Caratterizza una diversa forma di negazione, però, anche la spinta opposta a questo primo rifiuto immediato. Negazione non da riduzionismo, ma da svuotamento dall’interno, progressivo, ma costante del senso umano di morte. Gli inizi di un fenomeno, infatti, segnano anche le caratteristiche del suo successivo sviluppo. E gli esordi si sono subito manifestati in termini di mera contabilità sanitario-funeraria. Ogni giorno, sempre alla stessa ora, i bollettini della protezione civile nazionale, o organismi regionali e comunali, ci davano solo cifre. In termini assoluti, in percentuali, statistico- probabilistici, ma solo e sempre cifre. Nient’altro che cifre. L’aspetto umano, l’autenticità di quel nostro individuale essere per la morte, secondo la nota definizione di Heidegger, è annichilito, sepolto sotto la giornaliera, lugubre valanga algebrica. Anche questa è una nebulosa. Certamente non venefica, ma funambolica sì. Oltre gli esperti nelle varie  e spesso contrastanti sotto specializzazioni mediche (virologi, immunologhi, epidemiologi, epigenetici, infettivologhi, microbiologi, pneumologhi, anestesisti, ecc.), entrano in campo matematici, statistici, demografi, informatici, programmisti, sviluppatori di app. La singola persona non è più neanche un singolo caso clinico, ma un nudo dato indifferenziato, anonimamente identico a tutti gli altri cui si somma nel rosario serale con Ave Maria e Paternoster statistici recitati a social e canali tv unificati da Comitato Scientifico e Protezione Civile.

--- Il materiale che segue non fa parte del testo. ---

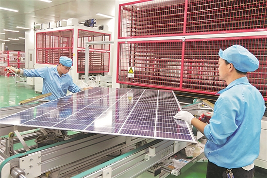 近年来,安徽省淮北市烈山区借助长三角一体化发展契机,积极建设产业承接平台,通过建设智能工厂,加大科技创新投入,引进光伏新能源企业入驻,促进光伏产业快速发展,助力区域经济转型升级。目前,当地生产的光伏面板产品除供应国内市场外,还出口日本、荷兰、西班牙、澳大利亚等国家。新华社发(万善朝 摄)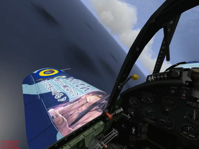 接下来是C号机(鸥萌航空.ver)。C号机的涂装是“鸥洲快车”AKM-8656的联动涂装,因此主要的色调与AKM-8656一样,垂尾也一样将鸥萌标志整个放上去了。同时翼尖也有鸥萌颜色的条纹,但因为F4U没有翼尖小翼,就放翼尖上了。之后突然联想到现实中同样使用条纹作为机徽的一个装备F4U的国家,洪都拉斯空军,于是为了捏他洪都拉斯空军于是把机鼻涂成了深灰色。主翼痛使用了“三角形的秘密”的那张鸥,也因为如此,这架飞机痛上了“三角形的秘密”本身——巴林奇的形象,效果是相当的骚气。右翼痛则是我们都很熟悉的叼着百奇的鸥,因为AKM-8656的内饰用了,因此本机也使用了。值得一提的是,本机利用了襟翼镜像的问题,在襟翼上贴上了来自UI上的蝴蝶,效果还行。引擎侧面,左侧是七影蝶logo与“サマポケ”,这个位置放Logo是为了致敬在2018年……还是2019年初?在日推有键子将七影蝶Logo贴到了《战争雷霆》的同型机上(印象里是F4U,不过也可能是F6F“地狱猫”,没有保存当时的截图,记不清了,总之就是在我之前就有人在战斗机上贴SP相关了)。这个布局是为了致敬此人,基于战斗机做SP痛机的先驱者(虽然严格来说并非真正意义上的痛机)。右侧则是“东风视艺”。机身的飞机与AKM-8656一样,灵感来自鸥的行李箱上的“Flight -KINKI AIR-”贴纸。机身痛采用了带背景的以前宣传时的推特SD图,这个曾经被用于AKM-8656的原案CZ-8656,但因为《X-Plane》的贴图分辨率显著提高,这个就用不上了,于是用在了本机上。之后就是巴林奇的形象。Summer Pockets印在了机翼下部的两侧,七影蝶logo放在了散热器附近。同时还印着鸥萌航空的宣传语“承载约定,飞跃七海”。C号机注册编号为AKM-4317,这个两个数字来自鸥的体重与SP故事开始时的鸥的年龄。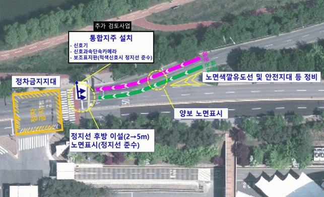 ÁÖ¿ä °ø»ç ³»¿ëÀº Ȳ»ö Á¤Â÷±ÝÁö´ë(¿»·Î¿ìÁ¸) ³ë¸éÇ¥½Ã, Ⱦ´Üº¸µµ Á¤Áö¼±(2¡æ5m) ¿¬ÀåÀÌ´Ù.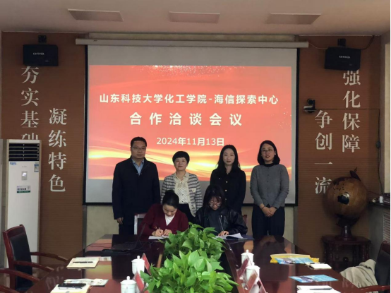 11月13日,海信探索中心总经理林其芬、副总经理赵明敏一行来我院交流洽谈。化工学院党委副书记兼副院长田静、副院长梁鹏接待了林其芬一行并进行会谈。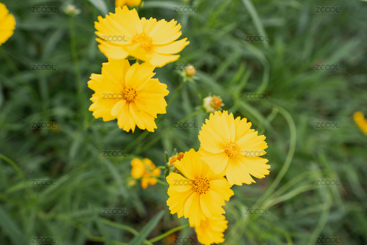 颜色艳黄,在草丛中怒放的金鸡菊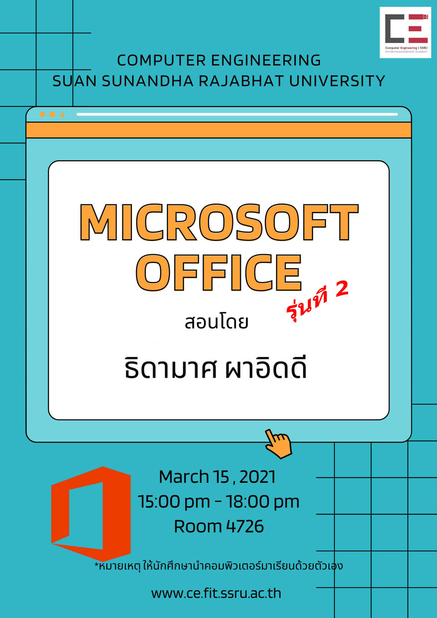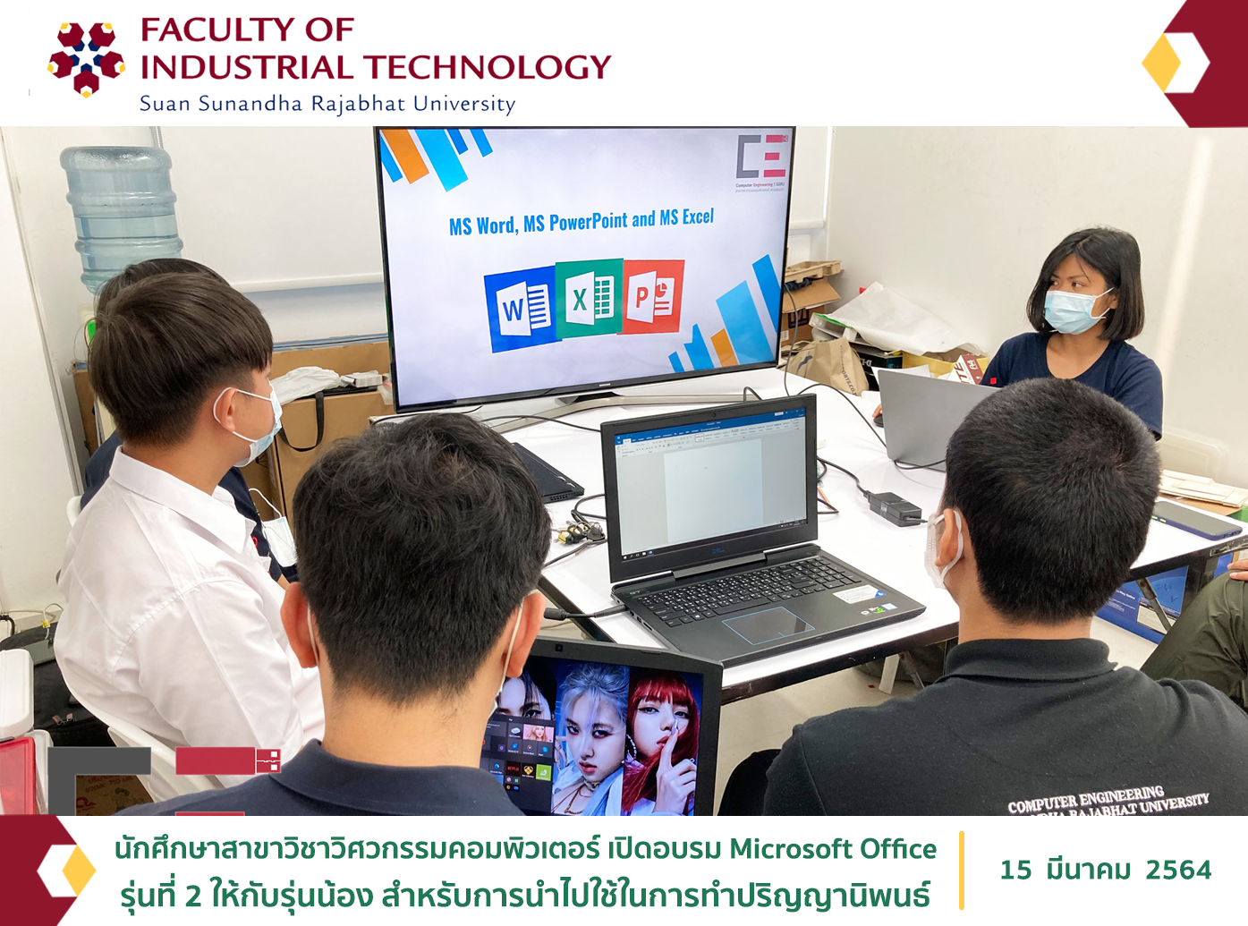 วันจันทร์ที่ 15 มีนาคม 2564 นางสาวธิดามาศ ผาอิดดี นักศึกษาสาขาวิชาวิศวกรรมคอมพิวเตอร์ เปิดอบรม Microsoft Office รุ่นที่ 2 ให้กับรุ่นน้องๆ นักศึกษาสาขาวิชาวิศวกรรมคอมพิวเตอร์ที่มีความสนใจ สำหรับการนำไปใช้ในการทำปริญญานิพนธ์ และการนำเสนอผลงานให้มีความเป็นมืออาชีพมากยิ่งขึ้น ซึ่งมีนักศึกษาสาขาวิชาวิศวกรรมคอมพิวเตอร์สนใจเข้าร่วมอบรมเป็นจำนวนมาก ณ ห้อง 4726 อาคาร 47 คณะเทคโนโลยีอุตสาหกรรม มหาวิทยาลัยราชภัฏสวนสุนันทา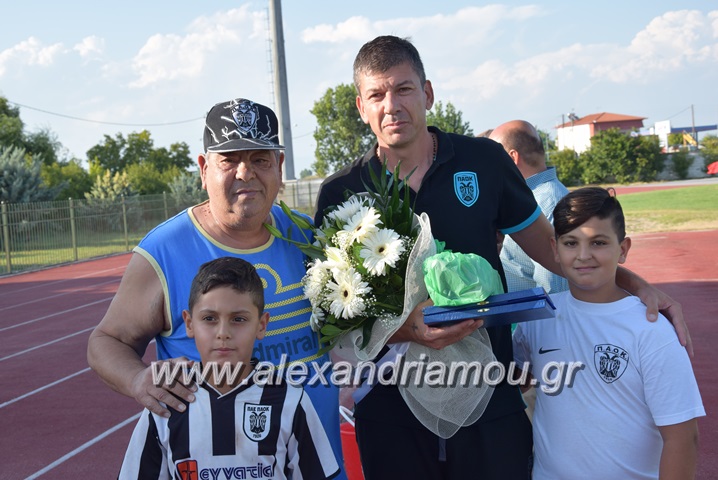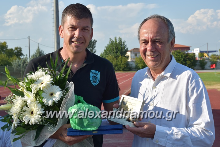 Ιδιαίτερα πρόσχαρος και χωρίς να αρνηθεί σε κανέναν, φωτογραφήθηκε με όσους το ζήτησαν, ενώ εκτός της τιμητικής πλακέτας, δέχτηκε και δώρο μια φανέλα από τον Σύνδεσμο Φιλάθλων ΠΑΟΚ Αλεξάνδρειας, εκπρόσωποι του οποίου βρέθηκαν σήμερα στο ΔΑΚ Αλεξάνδρειας.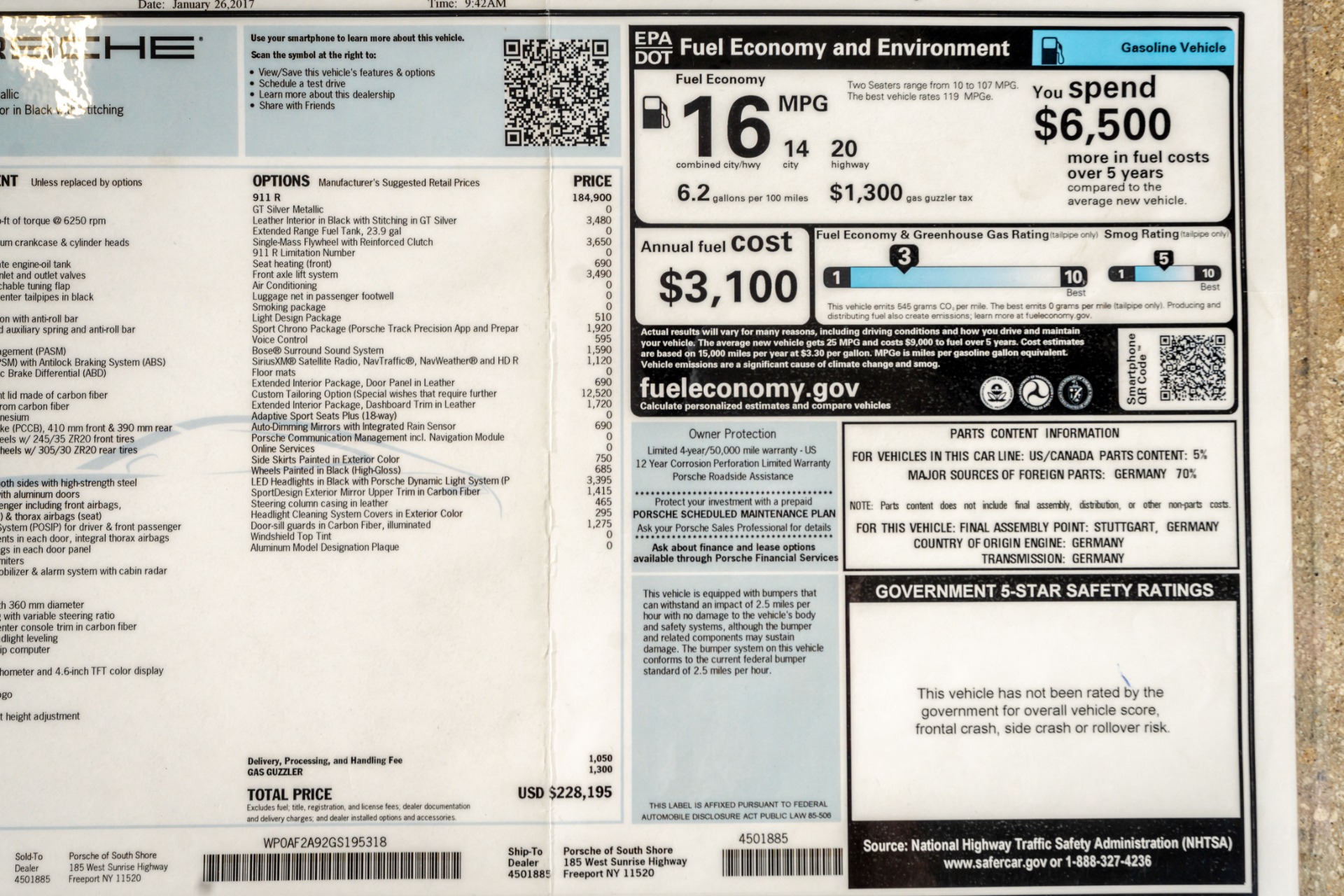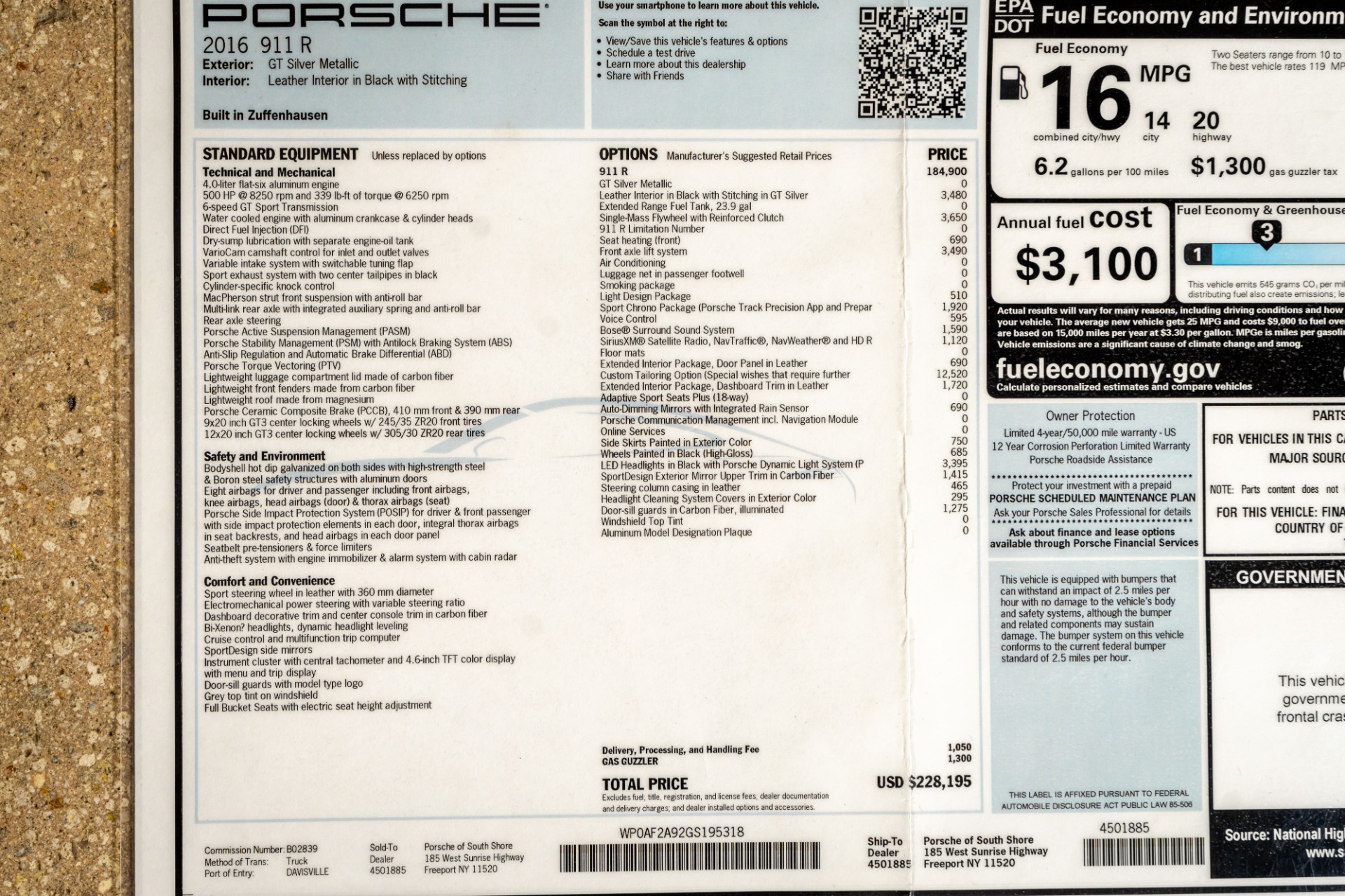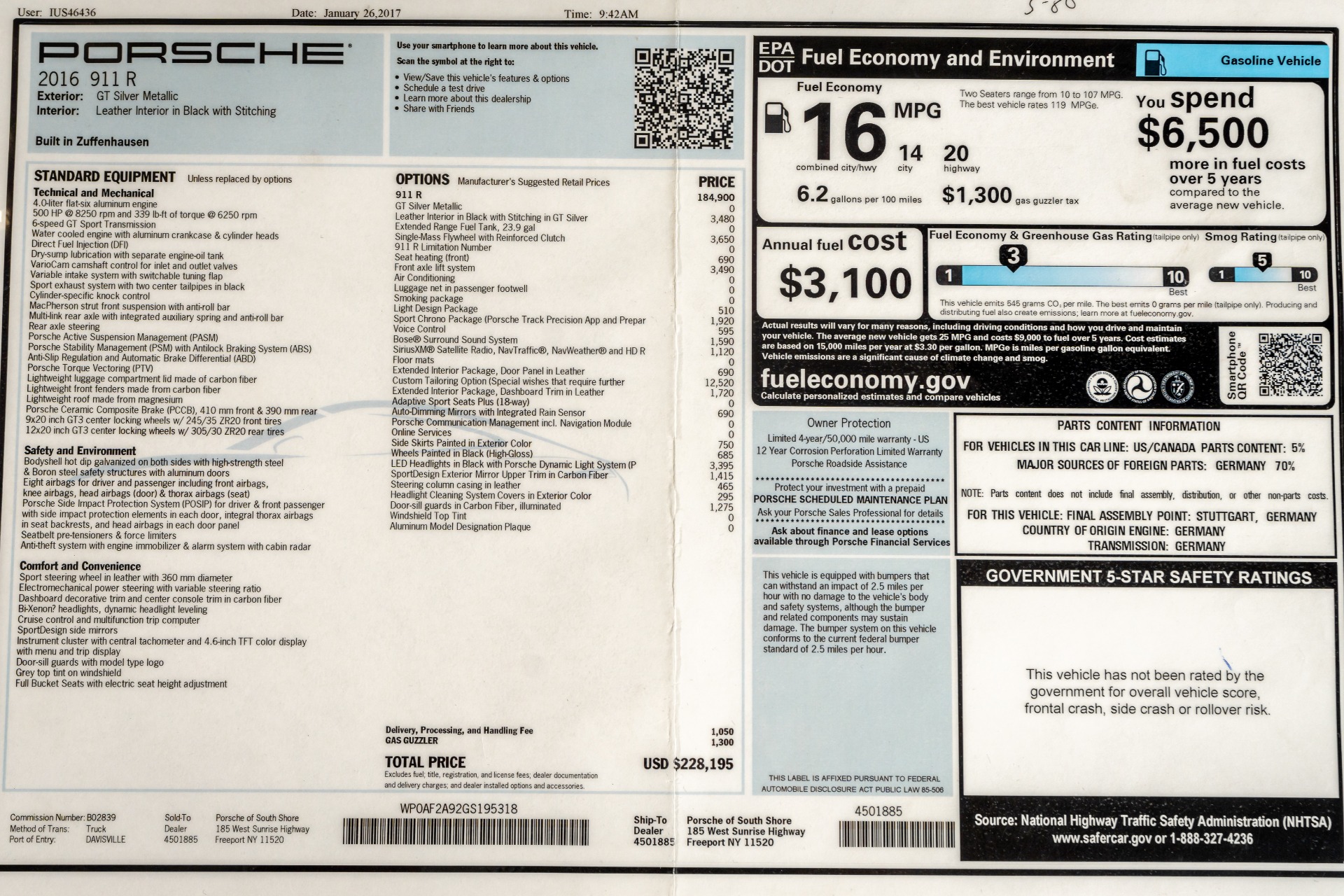 2016 911 R only 991 total produced, only 56 miles on this R from new, car comes with a SUPER build, very high Msrp, single mass flywheel, CXX options and more. Any further questions please contact us. True collector car!!!

Carità è parola che deriva da caro, amato, diletto, riferito a una persona. La carità della persona scomparsa per Covid è anch’essa nebulizzata nel nulla. I suoi cari non le sono vicini negli ultimi respiri (perché infetti), neanche la vedono più. È già in un’urna cineraria, o piombata in una bara, trasportata con un camion insieme ad altre al cimitero, dove solo in pochi potranno assistere all’inumazione, dandole l’ultimo addio.

Al momento di scrivere ci sono circa 1 milione e centomila morti per Covid nel mondo. Corrispondono allo 0,0141% della popolazione mondiale, che ammonta a oggi a circa 7,8 miliardi. Cifra percentualmente insignificante. Anche tale cifra salisse a 10 milioni di morti, sarebbe sempre solo lo 0,141%. A 100 milioni l’1,41%. A 1 miliardo il 12%. Resterebbero ancora 6.8 miliardi di persone sul nostro pianeta. Ci sarebbero più del doppio dei 3 miliardi di abitanti di appena sessant’anni fa, nel 1960. Nel 1920 eravamo 2 miliardi; nel 1804 1 miliardo. E il mondo non era forse ugualmente pieno? Anzi, la tacita alleanza negazione prima-potere economico mondiale, potrebbe inclinare alla tentazione del laissez-faire, laissez-crever, lasciate fare, lasciate crepare, così da annichilire, progressivamente, i diritti economico-assistenziali generali, iniziando dai più anziani, deboli, malati, poveri, emarginati.

La negazione seconda, ossia lo svuotamento del senso di morte per via statistico-percentuale, invece, conduce prima o poi a un mutamento di civiltà. Perché la visione della morte non è stata sempre la stessa nella storia, nei popoli, nelle culture umane. Anche quella vigente nel nostro Occidente e oggi dominante sull’intero pianeta è il risultato di un preciso e determinato pensiero storico. E sempre i mutamenti di visione della morte hanno sotterraneamente accompagnato i mutamenti di civiltà.